Fragmentation is the most egregious of the copious, terrible excuses that people give for not using dynamically-expanding VHDX. If you listen to them, they’ll paint a beautiful word picture that will have you daydreaming that all the bits of your VHDX files are scattered across your LUNs like a bag of Trail Mix. I just want to ask anyone who tells those stories: “Do you own a computer? Have you ever seen a computer? Do you know how computers store data on disks? What about Hyper-V, do you have any idea how that works?” I’m thinking that there’s something lacking on at least one of those two fronts.

The notion fronted by the scare message is that your virtual machines are just going to drop a few bits here and there until your storage looks like a finely sifted hodge-podge of multicolored powders. The truth is that your virtual machines are going to allocate a great many blocks in one shot, maybe again at a later point in time, but will soon reach a sort of equilibrium.
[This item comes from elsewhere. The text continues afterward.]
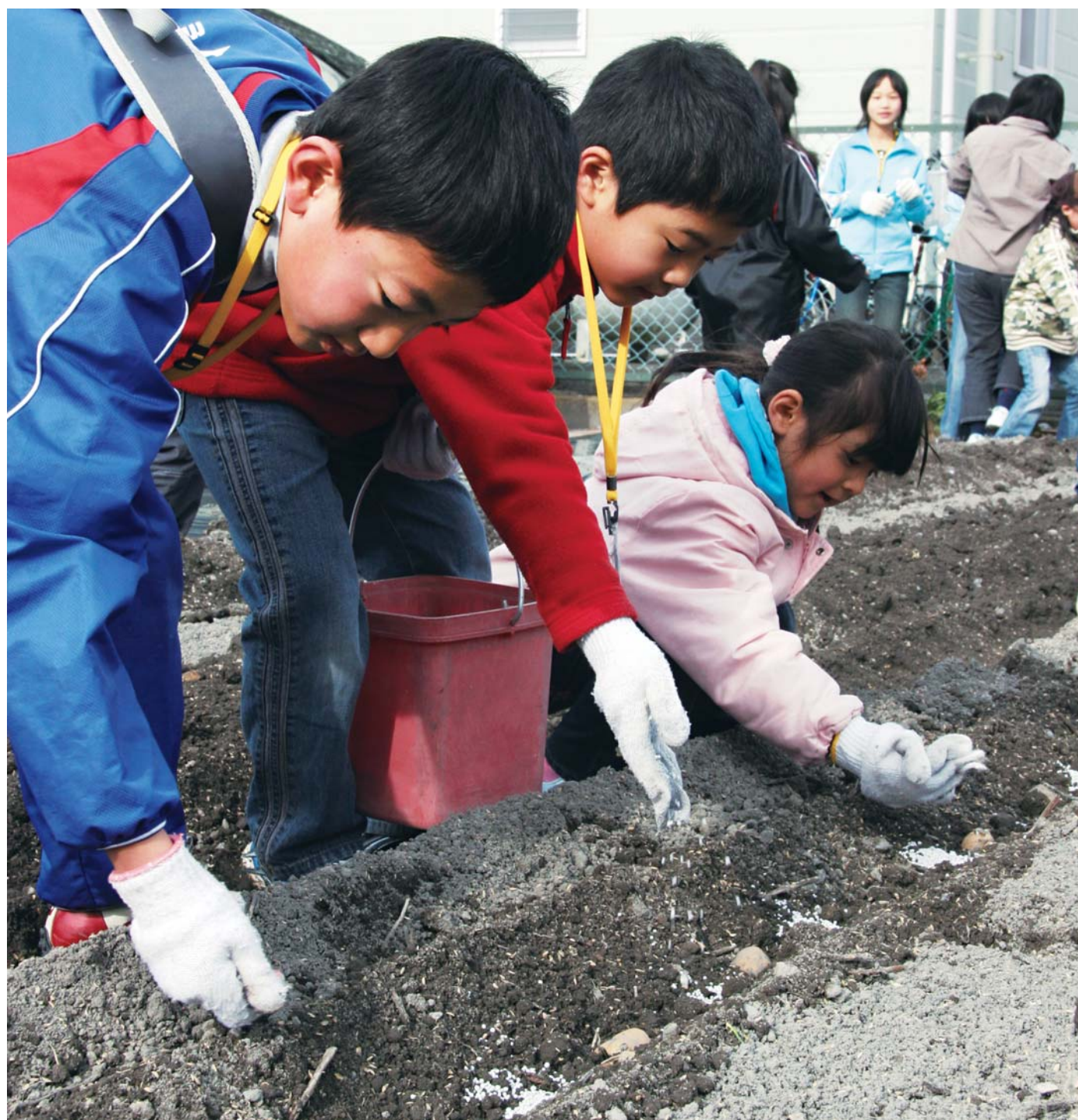
ふるさと学級・ジャガイモ植え（2月9日）

An example VM that uses a dynamically-expanding disk:

  • You create a new application server from an empty Windows Server template. Hyper-V writes that new VHDX copy as contiguously as the storage system can allow
  • You install the primary application. This causes Hyper-V to request many new blocks all at once. A large singular allocation results in the most contiguous usage possible
  • The primary application goes into production.
    • If it’s the sort of app that works with big gobs of data at a time, then Hyper-V writes big gobs, which are more or less contiguous.
    • If it’s the sort of app that works with little bits of data at a time, then fragmentation won’t matter much anyway
  • Normal activities cause a natural ebb and flow of the VM’s data usage (ex: downloading and deleting Windows Update files). A VM will re-use previously used blocks because that’s what computers do.

How to Address Fragmentation in Hyper-V

I am opposed to ever taking any serious steps to defragmenting a server system. It’s just a waste of time and causes a great deal of age-advancing disk thrashing. If you’re really concerned about disk performance, these are the best choices:

  • Add spindles to your storage array
  • Use faster disks
  • Use a faster array type
  • Don’t virtualize

If you have read all of this and done all of these things and you are still panicked about fragmentation, then there is still something that you can do. Get an empty LUN or other storage space that can hold your virtual machines. Use Storage Live Migration to move all of them there. Then, use Storage Live Migration to move them all back, one at a time. It will line them all up neatly end-to-end. If you want, copy in some “buffer” files in between each one and delete them once all VMs are in place. These directions come with a warning: you will never recover the time necessary to perform that operation.